Perspective

# "Bits" and Pieces

See allHide authors and affiliations

Science's STKE  20 Jun 2006:
Vol. 2006, Issue 340, pp. pe28
DOI: 10.1126/stke.3402006pe28

## Abstract

Many protein-protein interactions involved in signal transduction occur through the interaction of modular protein domains in one molecule with short linear sequences of amino acids ("motifs") in another. Although protein domains are recognized by a variety of computational tools, bioinformatic approaches alone have not been successful in identifying the short sequence motifs to which domains bind. A new approach, applying motif-determining algorithms to smaller subproteomic collections of proteins that are already known to associate with each other in high-throughput protein-protein interaction screens, now appears to be capable of capturing a reasonably large number of low-affinity core motif sequences. Application of this approach to the genomes of yeast, fruit flies, nematodes, and humans has doubled the number of known or suspected protein-protein interaction motifs.

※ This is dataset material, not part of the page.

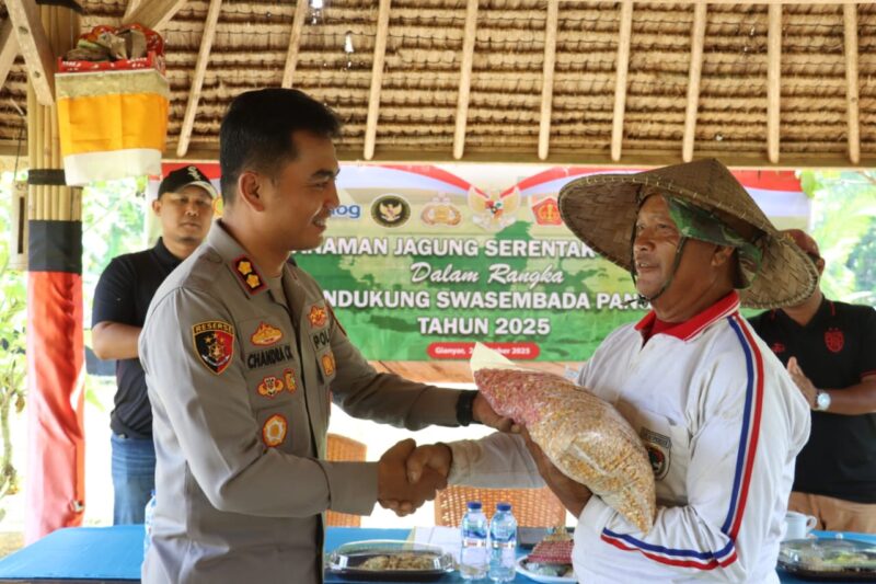 Dalam rangka mendukung program pemerintah menuju swasembada pangan nasional, Polres Gianyar melaksanakan kegiatan Minggu Kasih yang dirangkaikan dengan penanaman jagung serta bakti sosial (baksos) di area Puspa Aman, Desa Bakbakan, Kecamatan Gianyar, pada Jumat (24/10/2025).

Protein-protein interactions play essential roles in all processes within the cell. A detailed understanding of how protein-protein interactions occur at the molecular and atomic level, how they evolved, and how they are regulated is paramount to understanding the process of life itself. A less lofty, but perhaps more pressing goal in dissecting the molecular nature of protein-protein interactions lies in deciding which interactions are well suited for pharmacological manipulation, and drug companies appear to be making increasing efforts in this direction (1).

Certain types of protein-protein interactions, particularly those involved in the organization of complex molecular machines such as the proteosome, the centrosome, and the nuclear pore involve large regions of protein-protein contact, burying several thousand square angstroms or more of the surface from each of the proteins. In contrast, other interactions, particularly the very dynamic and highly regulated multipartner interactions involved in signal transduction, for example, involve more limited areas of protein-protein contact (2, 3). In many of these cases, the protein-protein interaction involves binding of a modular domain in one protein to a short linear amino acid motif in the other. For the purposes of this article, I will define a "domain" as a stretch of protein sequence, typically between 40 and 300 amino acids in length, that autonomously folds into a compact, stable three-dimensional structure and performs some type of known or unknown biological function. A "motif" refers to a very short region within a protein, typically 3 to 12 amino acids in length, that is responsible for binding of the protein to some other biological molecule, that is, to a modular domain contained within its interacting partner. Within the context of their constituent proteins, motifs are generally thought to exist in a relatively unstructured state, but seem to adopt relatively stable conformations once they are bound to their interacting domains. Although additional sites of contact between the two proteins may extend beyond the specific domain-motif contact region to modulate the strength of the binding, it is the domain-motif association that dominates the interaction. Because these types of domain-motif interactions generally bury less surface area than other types of protein-protein interactions, they are ideally suited for use in dynamic cellular processes where particular protein-protein interactions need to be formed and then broken in a relatively short amount of time. Consequently, these rapidly reversible domain-motif associations are also potentially very amenable to disruption by small molecules, making these interactions of prime importance from the perspective of drug design.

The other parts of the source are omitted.